The crown of the tower was completely dismantled, only strong stone brackets remained. A new door was installed in the tower, and openings for two windows were installed in the third tier.

Judging by the survived old photograph, the tower was originally five-story and was square on its plan with the external dimensions equal to an average of 5.70 x 5.60. The first floor of the tower is located at a height of 2 m from the ground. In the north-western wall of the first floor there is an entrance to the tower, in the form of a low door (1.0 x 1.6). The entrance is located at a height of 2 meters from the ground and is inaccessible to the uninvited guests.To the right and above the door, a loophole with a strong downward slope was broken through, protecting the access to the door. In the same wall there is another loophole, also turned towards the door and intended to protect it. In the north-eastern and in the south-eastern walls, two loopholes were arranged being turned towards the corners of the building. The western corner is protected by two loopholes one of which is located almost in the very corner. Both last loopholes are directed along a suitable road. All loopholes of this floor are located at a height of about 1.0 m and 1.8 m above the floor mark, respectively.

On the second floor, the loopholes are directed almost perpendicular to the facades' planes and are designed to protect the approaches to the tower's walls. There are three loopholes on the south-eastern and on the north-western sides, and two on the other two walls. The loopholes are punched at a height of 1.3-1.4 m from the floor and are designed for firing. There was a small window in the south-western wall.

The largest number of loopholes is on the third floor of the tower. In the north-eastern and south-eastern walls there are three loopholes, and in the north-western wall there are two. In addition to those indicated, loopholes are also arranged directly in all four corners of this
floor, almost on the continuation of the diagonals.

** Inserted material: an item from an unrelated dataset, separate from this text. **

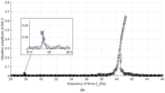 The tests were carried out in one of the robot positions shown in Figure 6, for deg. The excitation described by Equation (32) was used, where the excitation frequency was variable in the range 26–46 Hz in order to excite resonant vibrations in the robot in the two expected resonance zones. The characteristics obtained are shown in Figure 9. In order to compare the characteristics obtained, the results of the simulation (solid line) and the experiment (square markers) are shown simultaneously.

The loopholes on the all three floors were obviously designed for rifle fire. Strongly expanding inside the tower, they come out on the facade in the form of very narrow low cracks, barely noticeable against the background of the unevenness of the rough masonry, and even then only from a short distance.

The fourth and fifth floors of the tower have not survived to nowadays. However, the available photograph and the survived stone brackets make it possible to almost completely restore the view of the both upper floors.

On the powerful stone brackets, three on each side of the tower, the protective walls were pushed outward, somewhat spaced from the main walls of the tower itself. The resulting gap between the main and the extended walls made it possible for the defenders of the tower to protect the base of the walls, while remaining invulnerable.

The fourth floor, judging by the photograph, was illuminated by a small window with a pointed arch located in the south-western wall. Two loopholes are visible on the both sides of the window.

The uppermost, the fifth floor of the tower was illuminated through a window blocked by a flat lintel in the same south-western wall. Two loopholes were arranged on the both sides of the window. Just like the rest of the buildings of this type, the roof of the tower was gable.